This approach benefits the data source owner in many ways.   The data source owner best understands his own data and how it should be used to enrich outside data.  In contrast, the currently common approach of releasing bulk data puts the reputation of the data source at risk due to the incompetence of unknown and unpredictable users of that released data.   It would be safer to never allow the raw source data to leave the data source at all.

I proposed that this could be a strategy for protecting the sensitive information by never releasing the data in the first place.  For example, in a medical record scenario, the health care provider possessing patient records could offer a query-handling services where clinical researchers may submit specific categorizing & summarizing queries selected from a catalog of query services offered by the health care provider.   The health care providers would run the query on his own data systems and return only that relevant matching information after quality-control checking for completeness and no release of privacy-protected data.

Although I haven’t used their services, I noticed that some data providers do offer similar services, such as those offered in Microsoft’s Azure data marketplace.  The data services offer specialized data that they they make available through individual transactions (typically returning one record).   It is possible that the marketplace transaction engine can be available as a commercial product for medical providers.
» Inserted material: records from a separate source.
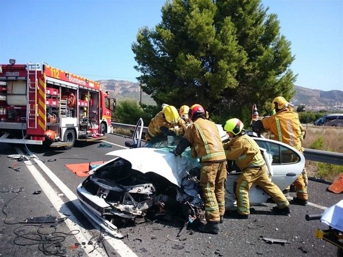 Los bomberos del parque de Benidorm, movilizados en tres vehículos, han abierto el coche tanto de forma lateral como por el capó para sacar a este hombre, vecino de la comarca.
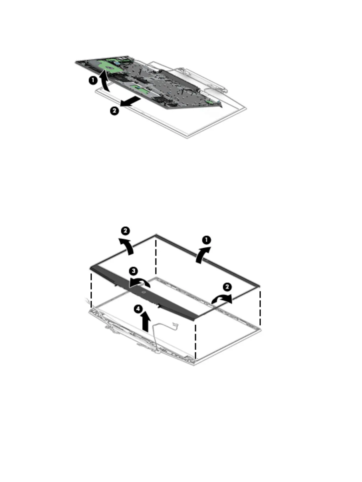 a. Release the top edge of the display bezel (1) from the display assembly.
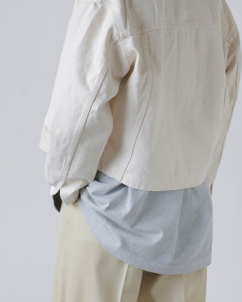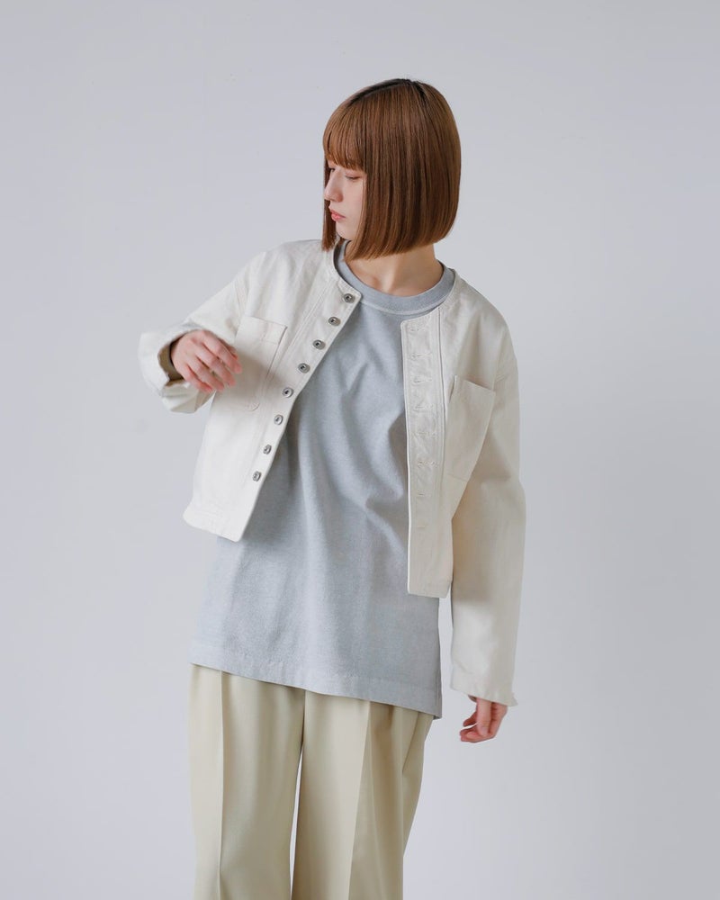 素材の選定から染色までを一貫して行い、高い耐久性と奥行きのある陰影が特徴のデニムを完成させています。コンパクトな着丈にドロップショルダーでバランスを取り、存在感のあるメタルネオバーボタンを多数配したミニマルながらも印象的なデザイン。
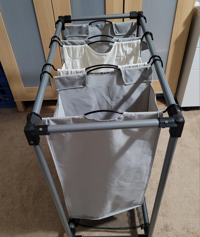 Three-bag laundry hamper with rolling base. Includes grey fabric bags.
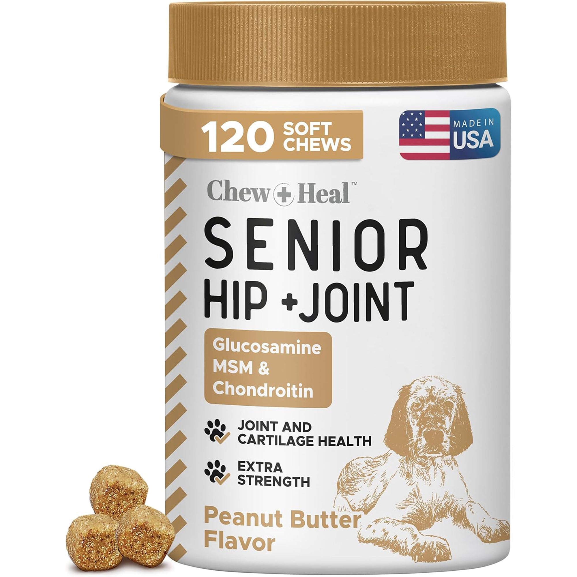 - Glucosamine, MSM, chondroitin, vitamin C, and omega fatty acids work together to support your senior dog’s joint and cartilage health.

The more common approach in data systems is to build larger data warehouses by negotiating bulk transfers of data from smaller data warehouses.  The data transfers are typically exhaustive so that the source loses any control over how that data is used later.   This approach made sense historically when data storage and processing were expensive.  The data source welcomed the opportunity to release the data to a central data warehouse so it can economize on its primary task of collecting new data.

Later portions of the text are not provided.